6月はイエズスの至聖なる聖心に捧げられた月

末吉町教会「街の灯」2021年6月号巻頭言

末吉町教会主任司祭 ヨゼフ 濱田 壮久神父

 横浜市では4月20日から特措法に基づくまん延防止等重点措置が公示され、6月20日まで延長されています。このような状況の中で、会衆の参列するミサを継続し、教会の諸活動を実施するために皆様には新型コロナウィルス感染症拡大防止のために沢山の対策にご協力を頂いており、心から感謝しています。

 5月23日(日)の聖霊降臨の主日には、1月10日(日)主の洗礼の主日に予定していた成人式の祝福式を執り行うことが出来ました。

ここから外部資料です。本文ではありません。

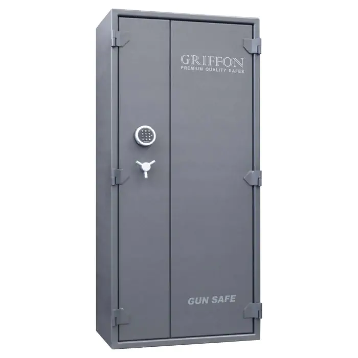 Griffon GD.700.E.T це зламостійкий сейф для зброї клас I за EN 1143-1, призначений для безпечного зберігання мисливської та спортивної зброї і боєприпасів у домі або офісі. Зламостійкість забезпечує конструкція корпусу 20 мм (сталь - сухий наповнювач - сталь), дверей 22 мм (ударотривке скло), ригельна система тристороння, 7 ригелів Ø 25 мм, антизрізи зі сторони петель та замок - електронний STUV SWINGLOX (Німеччина) VdS Class 2. Вогнестійкість - без вогнестійкості. Рекомендовано анкерне кріплення до стіни.

1月は緊急事態宣言の発出によって中止となりましたが、こうして8名の新成人が神さまの祝福を受け、そして、一人一人が新成人の抱負を力強く語ってくれたことは、末吉町教会の教会共同体としての歩みにとっても大きな喜びとなりました。新成人の皆様、本当におめでとうございます。

 さて、6月はイエズスの至聖なる聖心に捧げられた月です。典礼暦の上では聖霊降臨から二回目の主日後の金曜日に「イエズスのみ心」の祭日をお祝いします。ちなみに、この日取りはキリストの聖体の祭日後の金曜日にイエズスの聖心の祭日を祝うことを1856年に尊者ピオ9世教皇様が定めたことに依っています。今年は2021年6月11日(金)にお祝いします。

 このイエズスの至聖なる聖心への信心は、12世紀から13世紀にかけて、イエズス・キリストの十字架上での5つの聖なる傷についての信心が深まる中で発展してきました。ちなみに、復活徹夜祭の典礼では復活ロウソクに5つの香粒を十字架の模様に沿って打ち込みますが、この際には「1.その聖なる」「2.栄光ある傷によって、」「3.わたしたちを支え、」「4.守ってくださる」「5.主・キリスト。アーメン。」と祈りますが、イエズス・キリストの聖なる5つの傷への崇敬はここにも受け継がれています。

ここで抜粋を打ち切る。